# Cyclist headbutts pedestrian.



## Cycleops (10 Sep 2019)

A truly shocking scene in london when a cyclist clipped a pedestrian who was crossing the road and then attacks him leaving him badly injured;


View: https://youtu.be/yH1PbV6IpOA


Police are trying to trace the attacker.


----------



## numbnuts (10 Sep 2019)

And a bit farther down the page also in London today a car driver does a runner after hitting a cyclist and the public had to lift the car up so they could pull the cyclist out, welcome to broken Britain


----------



## DSK (10 Sep 2019)

That looks like the lights were red, as the black car was stopped and there were others crossing also, making me think the cyclist flew through a red light.

Its sad to see these sort of incidents but, sadly, they are common place in our daily lives. Common sense, a bit of consideration for others is generally lost on people in this day and age.


----------



## glasgowcyclist (10 Sep 2019)

Hope he's caught and prosecuted soon, that was plain thuggery.

(Oh, and before anyone suggests it, he doesn't give cyclists a bad name.)


----------



## sleuthey (10 Sep 2019)

It's hard to see which way the green light is pointing but on the basis that other cars had stopped I'd say the pedestrian had right of way. I'm a pro helmet person but I'm glad the cyclist wasn't wearing one as he will be easier to identify


----------



## slowmotion (10 Sep 2019)

It doesn't make a blind bit of difference if the lights were on red or green. The cyclist ran into the pedestrian when he was well over half of the road, and then assaults him. There's absolutely no excuse. He's a thug.


----------



## Beebo (10 Sep 2019)

It won’t be the first time he has done that. You have to be an experienced street fighter to pull off an unprovoked head butt


----------



## Chris S (10 Sep 2019)

You can actually see his face, anybody who knows him will recognize him.

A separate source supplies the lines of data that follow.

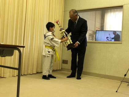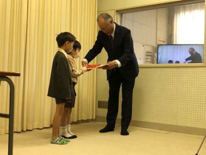 そして、絵画で表彰を受けた人、運動で活躍し表彰を受けた人が紹介され、学校のみんなから拍手が贈られました。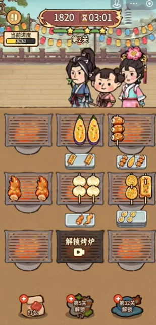 进入游戏后,挑选对应的关卡,留意一开始上架的烤串种类以及烤盘的数目。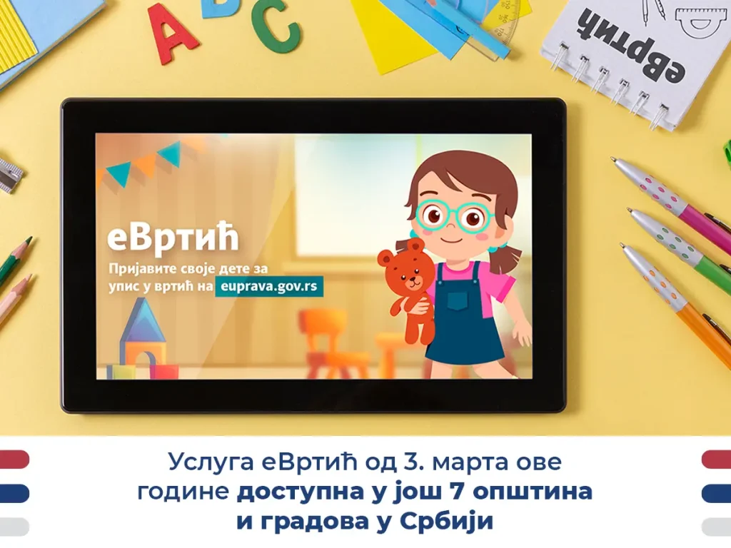 Услуга еВртић од 3. марта ове године доступна у још 7 општина и градова у Србији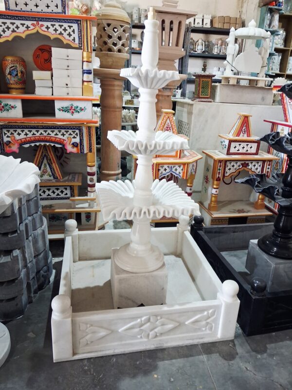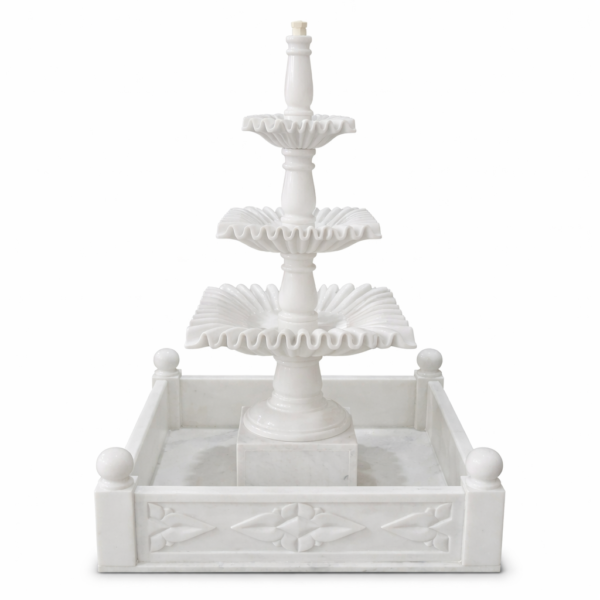 Bring timeless elegance and peaceful ambiance to your space with this handcrafted white marble three-tier fountain. Designed with smooth flowing curves and intricately carved bowl layers, this fountain creates a soothing cascading water effect that enhances both indoor and outdoor environments.
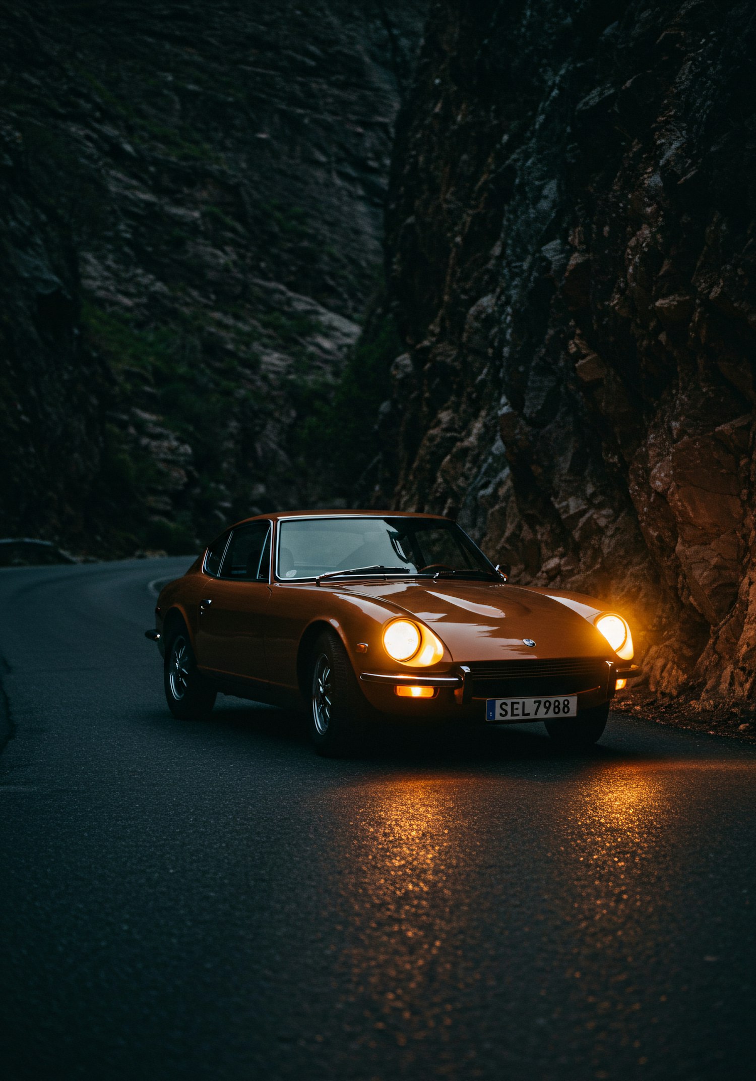 A classic orange sports car with headlights on, parked on a winding mountain road at dusk, surrounded by rugged rock formations.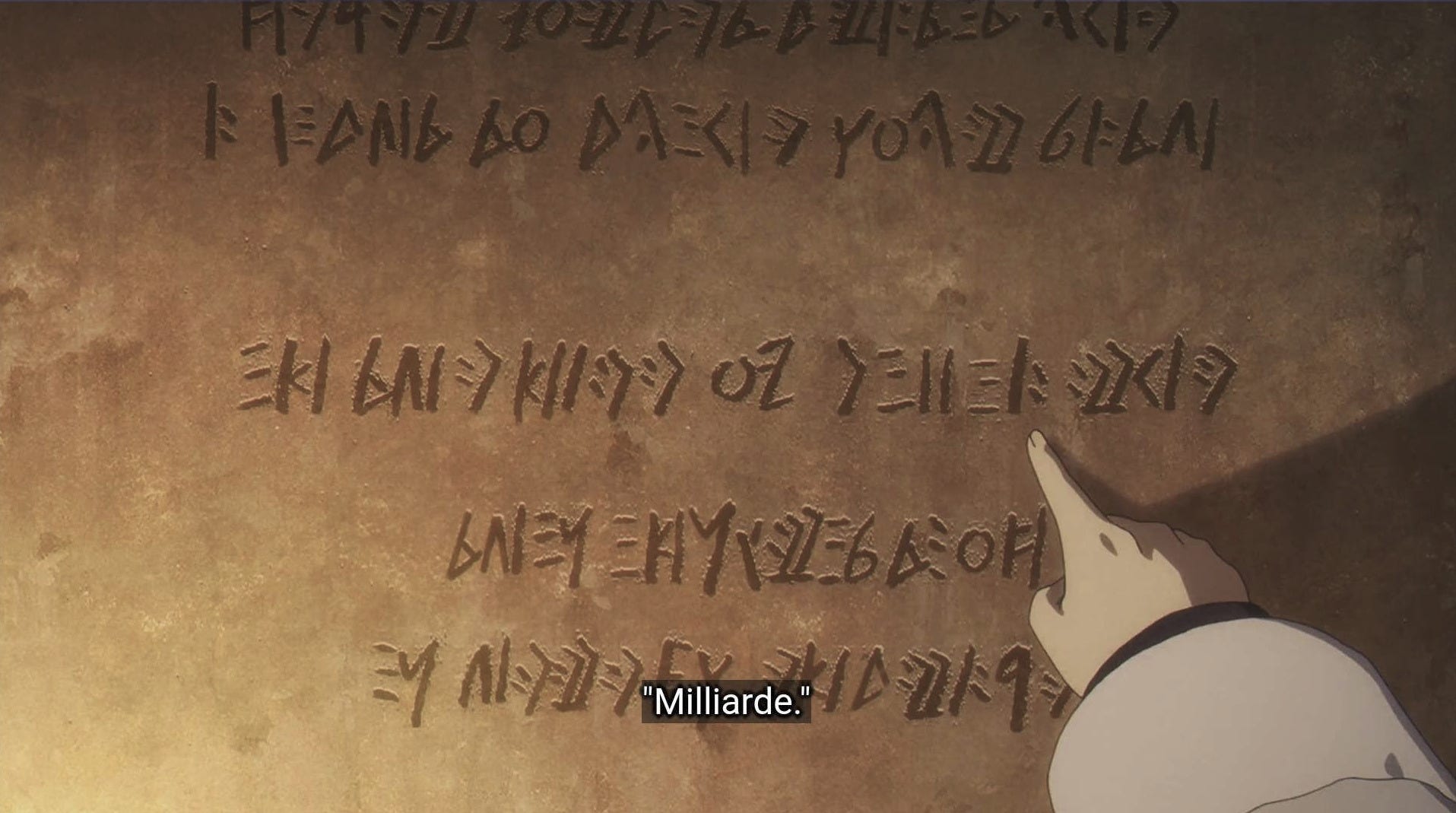 The name, “Milliarde,” in a specific context, with the word being pointed out by a character.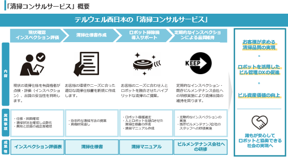 NTT西日本グループのテルウェル西日本株式会社(代表取締役社長:山田邦裕、以下、テルウェル西日本)は、お客様のニーズ、環境に合った最適な清掃方法を提案する「清掃コンサルサービス」を2024年6月よりサービスメニュー化し、提供を開始します。

Most of the damage seems to come from the shove, the headbutt was mainly a distraction technique


----------



## vickster (10 Sep 2019)

It was on the lunchtime London news. They said he went through a red light, and headbutted the bloke who needed stitches,

What an utter daffodil


----------



## Smokin Joe (10 Sep 2019)

Blimey, nine posts in and no one has said it was the pedestrian's fault


----------



## Globalti (10 Sep 2019)

Similar happened to us at the hands of a cyclist in Twickenham, who changed lanes, gave us a punishment pass and swore at us. No wonder the public hates cyclists.


----------



## uphillstruggler (10 Sep 2019)

if you take the words cyclist and pedestrian out of the sentence, it is still assault and totally uncalled for. its road rage whatever vehicle is involved.

I hope they catch the guy


----------



## al78 (10 Sep 2019)

Smokin Joe said:


> Blimey, nine posts in and no one has said it was the pedestrian's fault



Why is that so surprising. People on here are programmed to say pedestrian is right, anyone else is wrong based on the poor-wee-vulnerable-road-user-can't-possibly-be-wrong everyone else should look out for me because I can't be bothered to use a bit of mental effort to employ some spatial awareness attitude . Not so long ago a smart-phone-dumb-user paying no attention (as is normal) stepped out into the road in front of a cyclist and got hit, the cyclist was successfully sued for a large sum of money, I wouldn't be surprised if everyone on here was having orgasms condemming the cyclist and sucking up to the pedestrian, a victory for carelessness with externalised costs.


----------



## Nibor (10 Sep 2019)

sleuthey said:


> It's hard to see which way the green light is pointing but on the basis that other cars had stopped I'd say the pedestrian had right of way. I'm a pro helmet person but I'm glad the cyclist wasn't wearing one as he will be easier to identify


Pedestrians always have the right of way until proven otherwise.


----------



## RoadRider400 (10 Sep 2019)

Sickening. But really that man would be a tosser with or without a bike.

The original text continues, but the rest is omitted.